▶ **Task goal**: Would you transcribe the listing exactly as it stands, minus any images?

▶ **Stored data**:
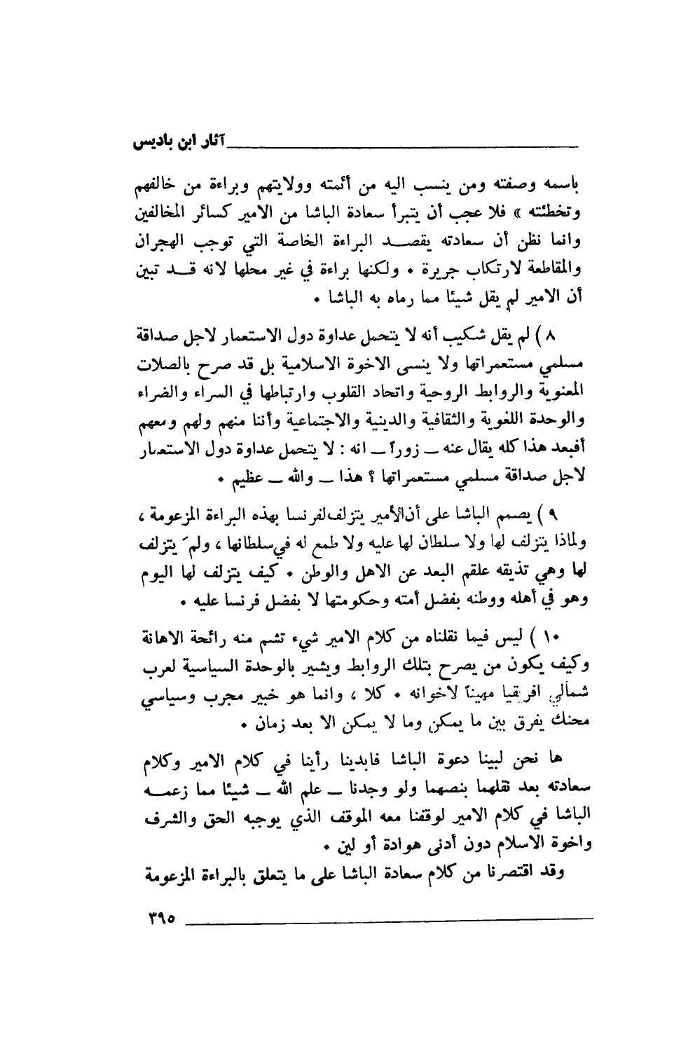 باسمه وصفته ومن ينسب إليه من أئمته وولايتهم وبراءة من خالفهم وتخطئته" فلا عجب أن يتبرأ سعادة الباشا من الأمير كسائر المخالفين وإنما نظن أن سعادته يقصد البراءة الخاصة التي توجب الهجران والمقاطعة لارتكاب جريرة. ولكنها براءة في غير محلها لأنه قد تبين أن الأمير لم يقل شيئا مما رماه به الباشا.
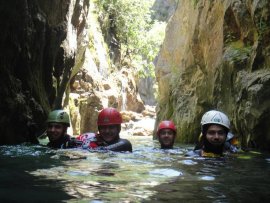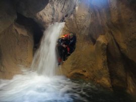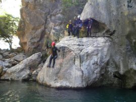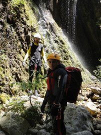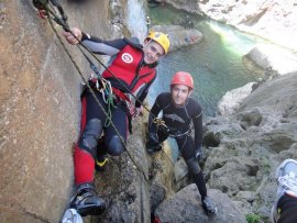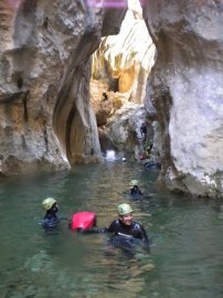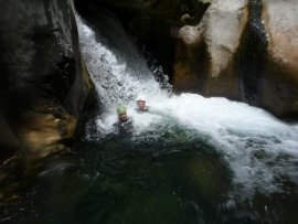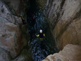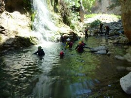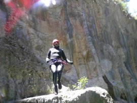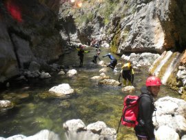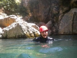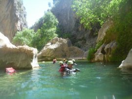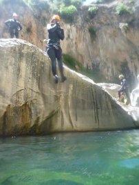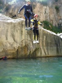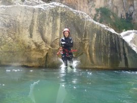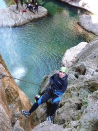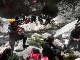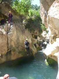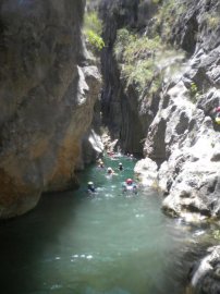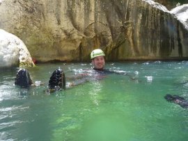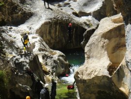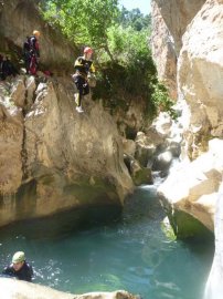 Fotos del V Curso de Descubrimiento de Barranquismo que tuvo lugar el 12-06-2012 en el Barranco de la Bolera, en el Parque Natural de la Sierra de Cazorla, Segura y las Villas (Jaén), curso organizado por el Grupo Vértigo y homologado por la Escuela Murciana de Espeleología, al que asistió Juan como técnico de la escuela.
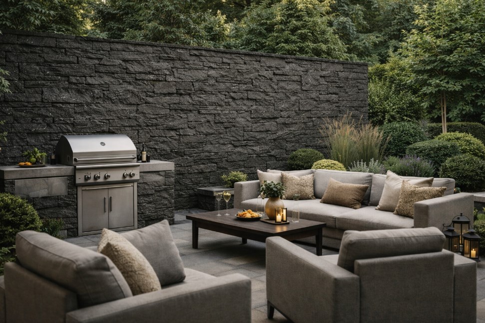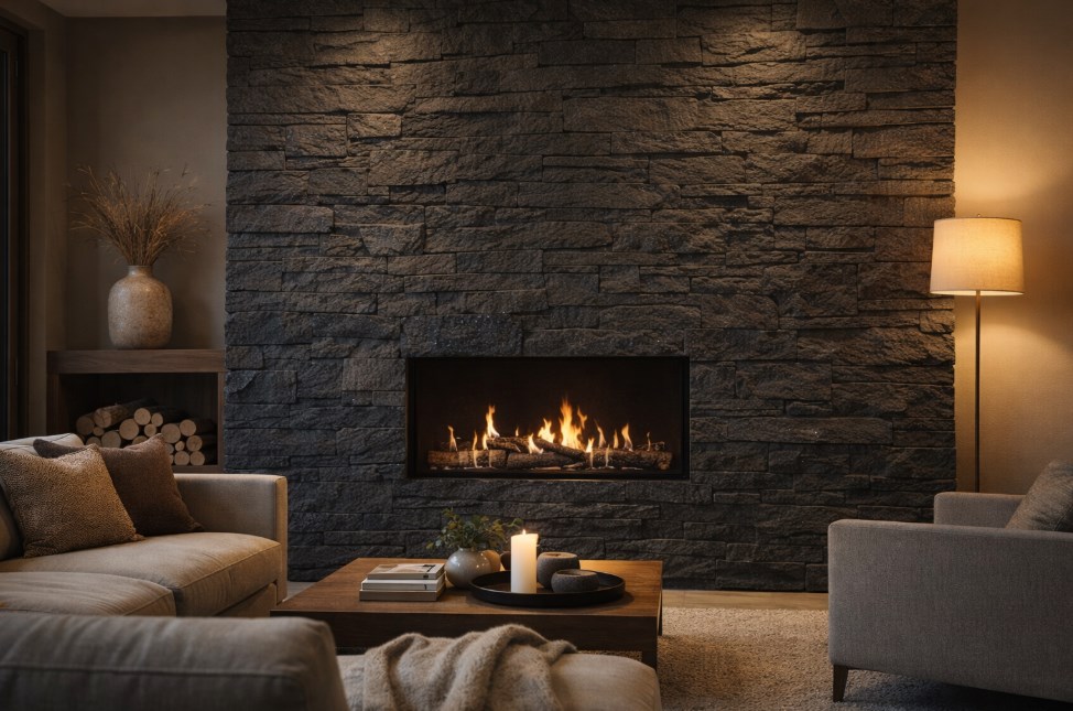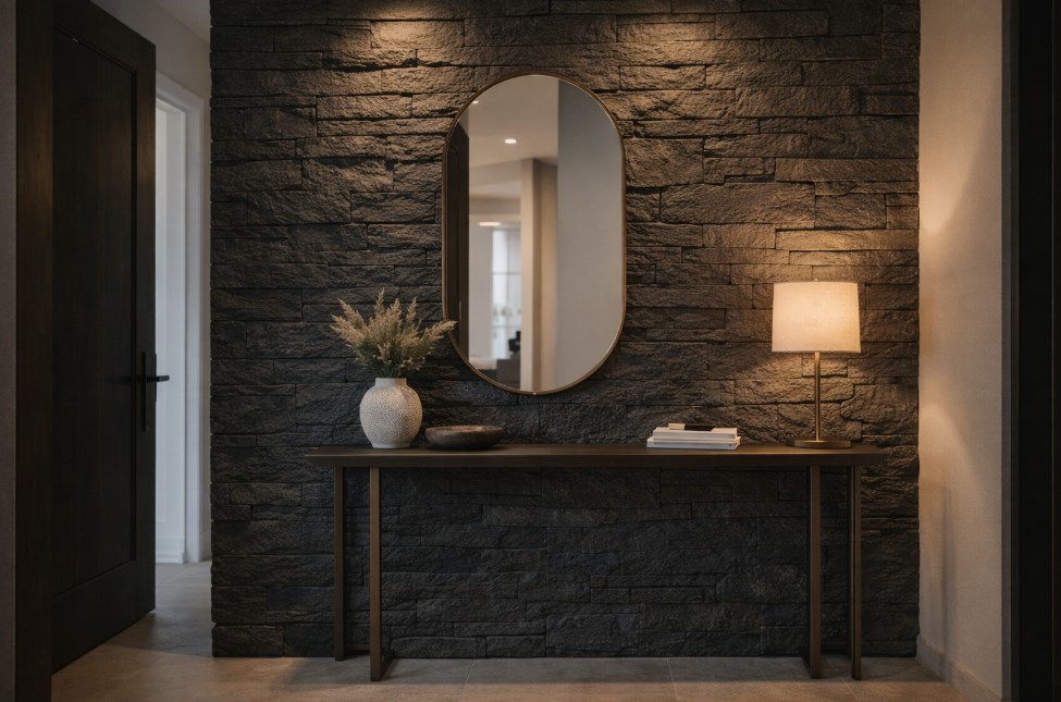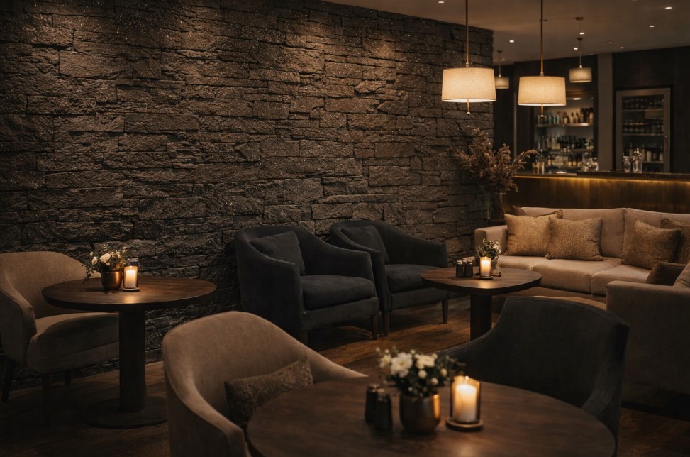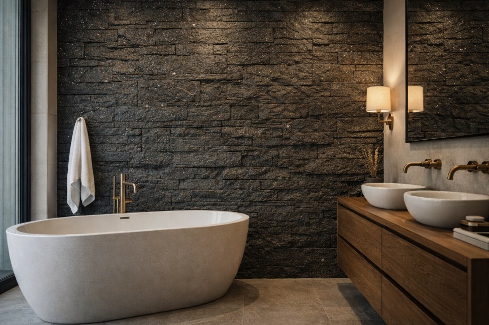 To dobry wybór wszędzie tam, gdzie ściana ma przyciągać uwagę i budować charakter przestrzeni. Czarny kamień dekoracyjny z subtelnym brokatowym połyskiem szczególnie dobrze prezentuje się w miejscach, gdzie liczy się mocny efekt wizualny i dopracowany wygląd całej aranżacji.

▶ **Answer section**:
 باسمه وصفته ومن ينسب إليه من أئمته وولايتهم وبراءة من خالفهم وتخطئته" فلا عجب أن يتبرأ سعادة الباشا من الأمير كسائر المخالفين وإنما نظن أن سعادته يقصد البراءة الخاصة التي توجب الهجران والمقاطعة لارتكاب جريرة. ولكنها براءة في غير محلها لأنه قد تبين أن الأمير لم يقل شيئا مما رماه به الباشا.
 Fotos del V Curso de Descubrimiento de Barranquismo que tuvo lugar el 12-06-2012 en el Barranco de la Bolera, en el Parque Natural de la Sierra de Cazorla, Segura y las Villas (Jaén), curso organizado por el Grupo Vértigo y homologado por la Escuela Murciana de Espeleología, al que asistió Juan como técnico de la escuela.
 To dobry wybór wszędzie tam, gdzie ściana ma przyciągać uwagę i budować charakter przestrzeni. Czarny kamień dekoracyjny z subtelnym brokatowym połyskiem szczególnie dobrze prezentuje się w miejscach, gdzie liczy się mocny efekt wizualny i dopracowany wygląd całej aranżacji.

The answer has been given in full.